I fixed that ML now they come here all the time ;)
The MOT station, I used to use before moving, were offering new calliper (different car not mine) instead replacing the piston (the set comes with rubbers too). And have replaced only left front spring and left front shock absorber (not set). The suspension elements they noted as advisory in 2021, were not mentioned in the 2022 MOT.
So yes you have a point, but the distance, the efforts, the time (I know, I spent 9 months to do it my way) are a factor.
And OP's vehicle being near me (I have extra parking spot) has only 1 downside it is a FL. Not like mine.
But on the side of breaker's offer. 20 component x20£ = 400£ and the rest can still go for scrap.
So side mirrors, more than 20 over eb**. Rims airbags plus module for them, something more than 20£ I think, fan controller, 6-7 black boxes, ABS module, DAS with locks and keys, PSE, roofpump.....however it takes time and space not a spoon for every mouth as we know.
 

· *Registered
Joined
·
1,085 Posts
It horrifies me that folks actually buy these kits of Seals and Pistons and DIY 'em, especially when you consider that the parts eminate from the land of Chow Mein, so the Seals are probably made from recycled condoms and the such like :eek:
Big Red I believe it was, made in UK with warranty. Rubber boot to keep the dust off and internal teflon (like) seal to keep the oil in. 2 bolt caps, grease pack.
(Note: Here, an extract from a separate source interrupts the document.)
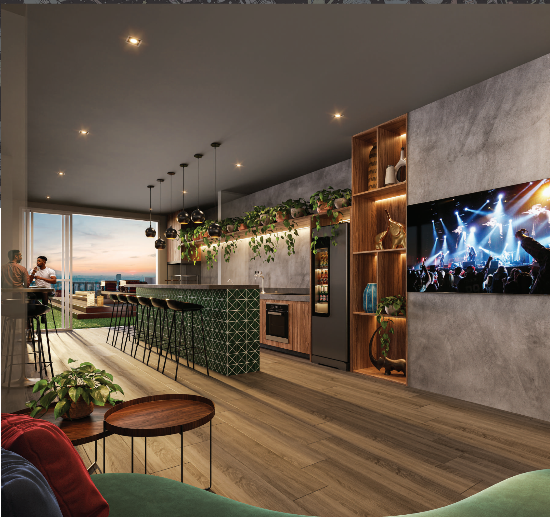
Perspectivă Ilustrată | Sunset Bar

That was on the left (near) side, where the same people replaced the right (driver), 1 year prior. With non branded one for 90£ with returning the original Toyota caliper back to the seller.

On a personal experience, with a repair kit from a brand I do not remember my '96 Accord did 40K km and was transferred to a different person. No one complained (nope no crashes). Recently I saw it for sale with 320 000 on the clock, all the bumpers with drywall screws....but with the alloys ;).